Wellhead prices. By 1984, the average wellhead price of gas had risen to $2.66 before slipping back during the "gas bubble" years that followed, Fig. 3. The post-NGPA drilling boom passed into history while producers were struggling to stay alive in a low-price environment. Over time, average wellhead prices have moved in a fairly narrow range, as shown in Fig. 3.

Fig 3

However, given what has happened to the reserve base in recent times (modest decline) and currently-tight supply, we appear to be at an inflection point in gas price, as is evidenced by recent events on the NYMEX, when spot prices touched $10/MMBtu before dropping back slightly. The outlook is for spot prices to come down from the 1999 – 2000 winter peak and average about $4.50 – $5.00/MMBtu for the coming year.

In 2001, domestic gas production is projected to reach 19 Tcf, a 500 Bcf increase over 1999. Delays in Gulf of Mexico production and only marginal growth in the rest of the Lower-48 led to relatively unchanged production in 2000.

Unless deliverability improves substantially as a result of the record gas-well drilling activity going on, it is not likely that prices will moderate noticeably. Heightened conservation, fuel switching and efficiency gains will very likely take some of the edge off gas market growth.
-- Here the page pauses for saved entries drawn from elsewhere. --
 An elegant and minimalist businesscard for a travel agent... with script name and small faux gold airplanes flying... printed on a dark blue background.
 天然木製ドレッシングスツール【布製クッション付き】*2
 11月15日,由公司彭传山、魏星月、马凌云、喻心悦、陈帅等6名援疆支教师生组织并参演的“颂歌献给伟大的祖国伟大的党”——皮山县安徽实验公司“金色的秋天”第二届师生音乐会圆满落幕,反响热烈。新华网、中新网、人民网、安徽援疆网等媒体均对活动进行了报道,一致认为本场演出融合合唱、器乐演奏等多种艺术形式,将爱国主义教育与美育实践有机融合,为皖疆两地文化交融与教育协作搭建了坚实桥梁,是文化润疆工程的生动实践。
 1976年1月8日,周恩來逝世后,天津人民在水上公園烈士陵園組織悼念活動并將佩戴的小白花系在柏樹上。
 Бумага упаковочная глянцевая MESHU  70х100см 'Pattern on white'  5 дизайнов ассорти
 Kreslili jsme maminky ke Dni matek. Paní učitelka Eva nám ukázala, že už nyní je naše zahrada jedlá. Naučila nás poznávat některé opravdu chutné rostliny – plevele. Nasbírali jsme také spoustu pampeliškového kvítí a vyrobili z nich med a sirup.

Drilling. Gas-well drilling had already reached record levels well before the current runup. It is estimated that 15,000 gas wells were drilled in 2000, up 5,000 from 1999. During the 10-year period, 1990 – 1999, about 100,000 gas wells were drilled, connecting nearly 190 Tcf of new reserves. In the next 10-year period, we need to connect about 300 Tcf of new reserves to meet projected demand and maintain an RLI of about 8.5. The outlook is for 18,000 gas wells in 2001. The IPAA reports that producers are moving as fast as they can to put more rigs and crews in the field.

U.S. Demand

U.S. natural gas consumption in 2001 will probably reach about 22.6 Tcf, up from an estimated 21.9 Tcf in 2000, an increase of about 700 Bcf. Residential and commercial usage will lead the way, partly because of the below-normal weather early on in 2001.
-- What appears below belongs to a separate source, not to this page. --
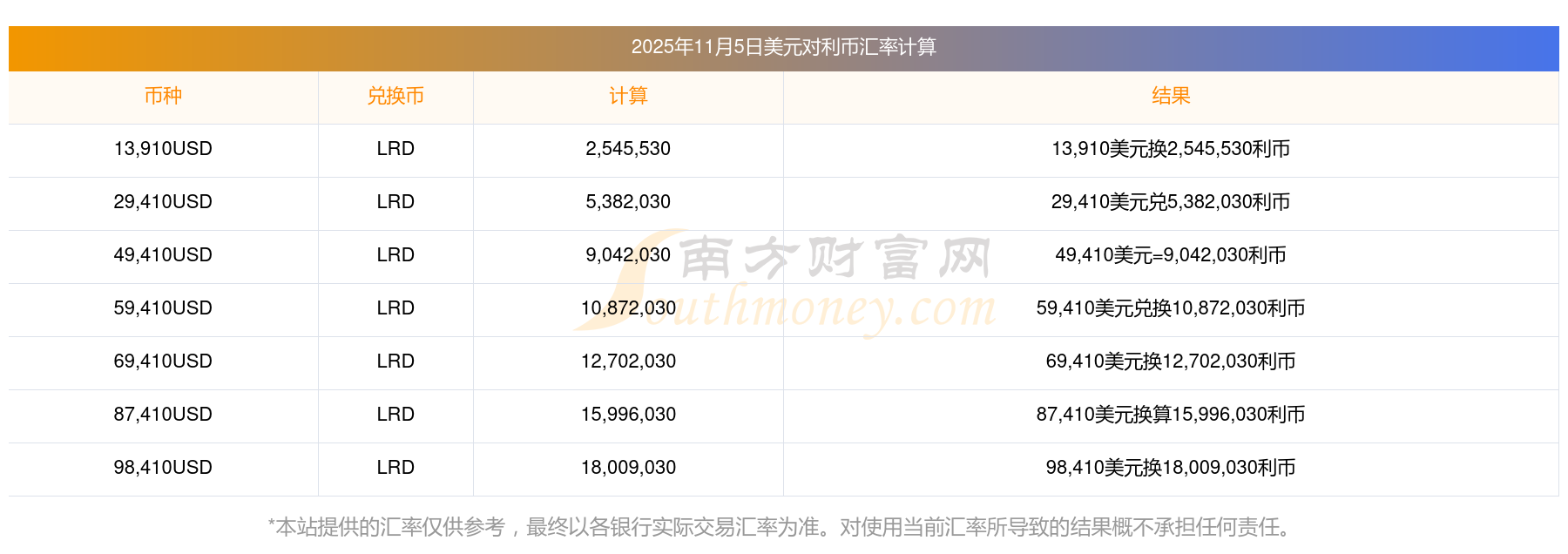 今日匯率換算:60美元對換利幣匯率是多少2025年11月5日

Gas imports increased by an estimated 4.5% in 2000, and are expected to increase substantially in 2001 with the advent of additional pipeline capacity accessing Western Canada gas supplies, and increased deliveries from offshore Nova Scotia. LNG is back in the picture. Renovations of the Cove Point LNG terminal in Maryland and the Elba Island LNG terminal in Georgia are moving ahead quickly to take advantage of the tight supply situation and price spikes.

2001 Outlook

Economic growth, electricity demand and normal weather are expected to drive U.S. energy consumption in 2001 to 96 quads, an increase of 1.8%.
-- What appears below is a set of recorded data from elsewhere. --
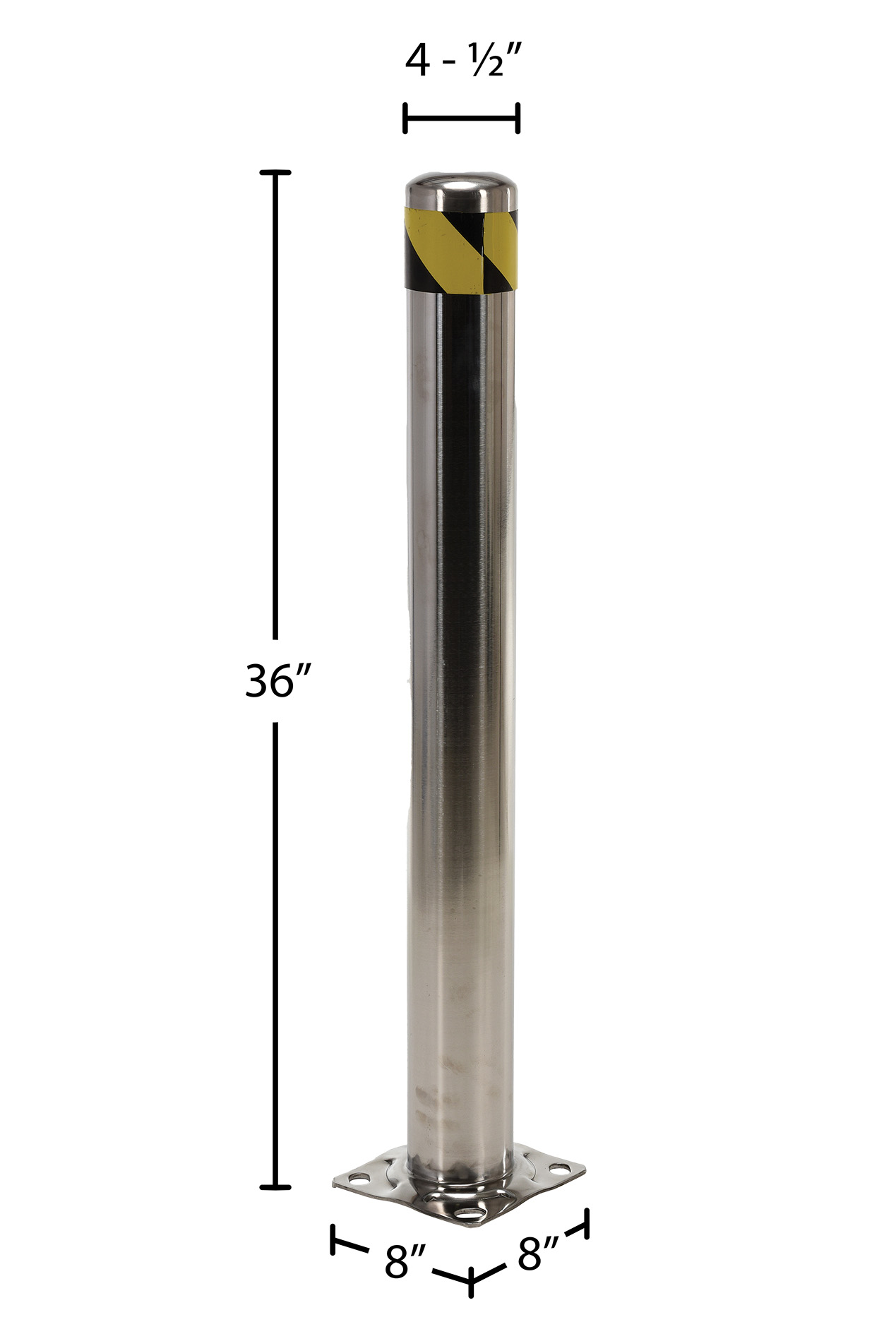 The Stainless Steel pipe safety bollard protects work areas, racking and personnel. Stainless Steel caps are welded on. Base plate is welded on. (Mounting hardware not included).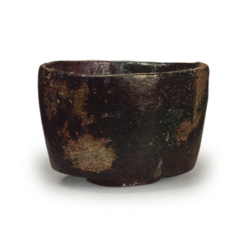 ところでこの種の筒形茶碗は、室町時代の末期から桃山時代にかけて、かなり賞玩されたらしく、千利休所持として有名な「挽木鞘」もほとんどこれと同形で、いわゆる「狂言袴」と称されている茶碗であり、他に「三島筒」も所持していたことから、特に利休は筒茶碗を愛用したことがうかがわれ、あるいは利休好みといわれる瀬戸黒の筒茶碗も、この種茶碗の形姿を倣ったものかもしれません。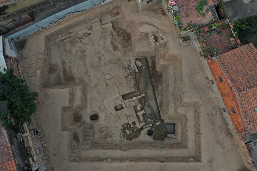 Photo shows a bird's-eye view of part of the archaeological excavation site of the Site of Maritime Trade Office in Quanzhou, southeast China's Fujian Province. (Photo/Wang Jun)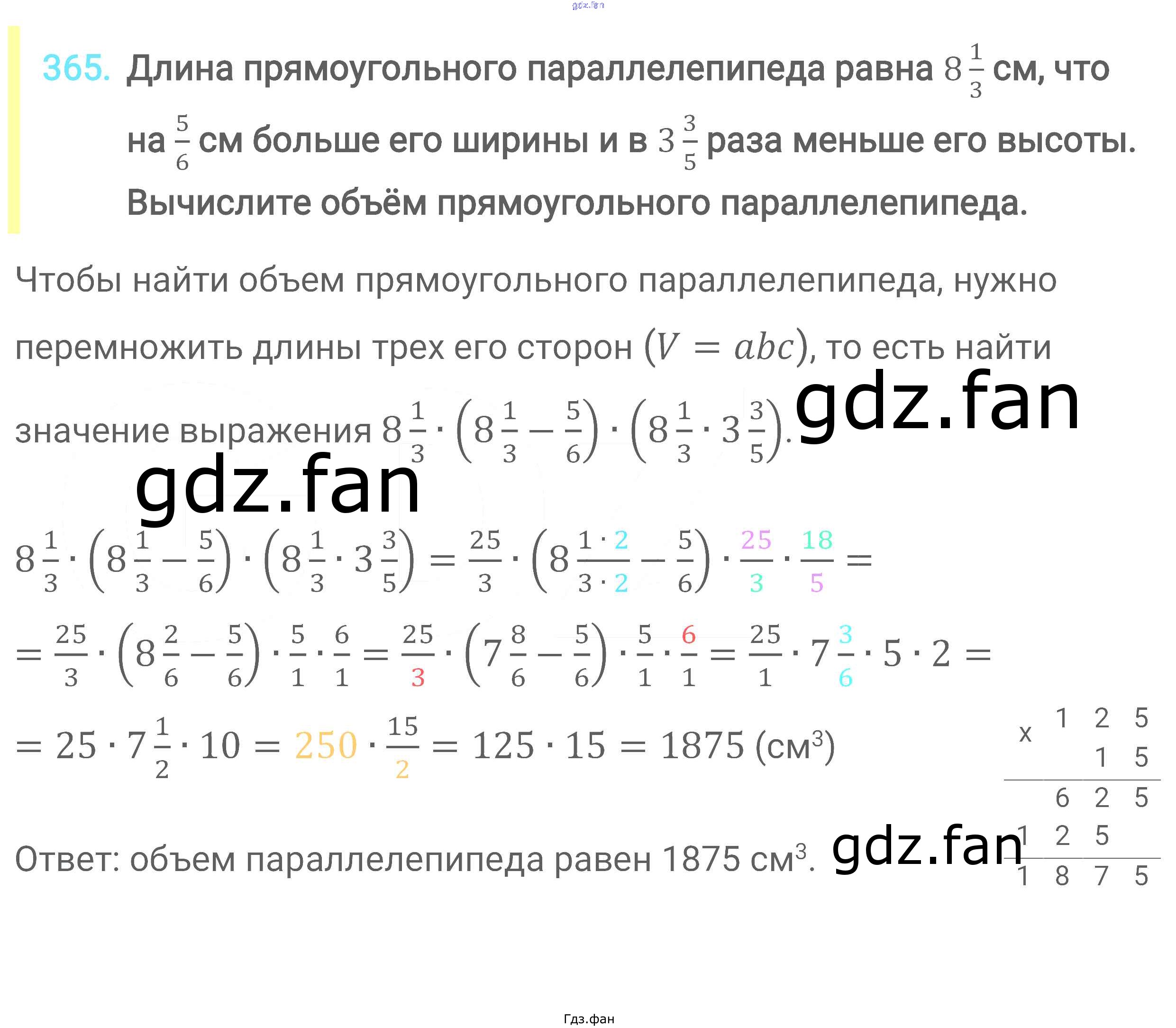 Проверка домашнего задания всегда занимает большое количество времени. На помощь приходит ГДЗ фан по Математике шестого класса. Здесь собраны популярные ответы на 365 (стр. 71) Математика 6 класс Мерзляк А.Г.

Consumption of all fossil fuels is expected to increase. Increase in coal consumption will be driven by higher utility demand, as well as stronger oil and gas prices. Natural gas consumption is expected to increase in 2001, driven mainly by higher usage in weather-sensitive markets. Stronger gas prices, particularly in comparison with less-expensive coal and residual oil, could serve to limit the growth of gas markets in the utility sector. Nuclear energy consumption is expected to decline in 2001. Hydropower availability is expected to increase slightly, assuming normal rainfall.

Energy efficiency – the measure of how well we utilize our energy resources, given higher prices for gas and oil – will likely improve as people find ways to cut energy waste.

Gas demand for industrial uses is expected to increase in 2001. Gas consumption by electric utilities is expected to increase due to increased generation, an increase of 4.7% year-over-year. Gas exports, primarily to Mexico, are expected to increase substantially as the Mexican economy makes some headway. Gas imports from all sources will increase to 4+ Tcf in 2001.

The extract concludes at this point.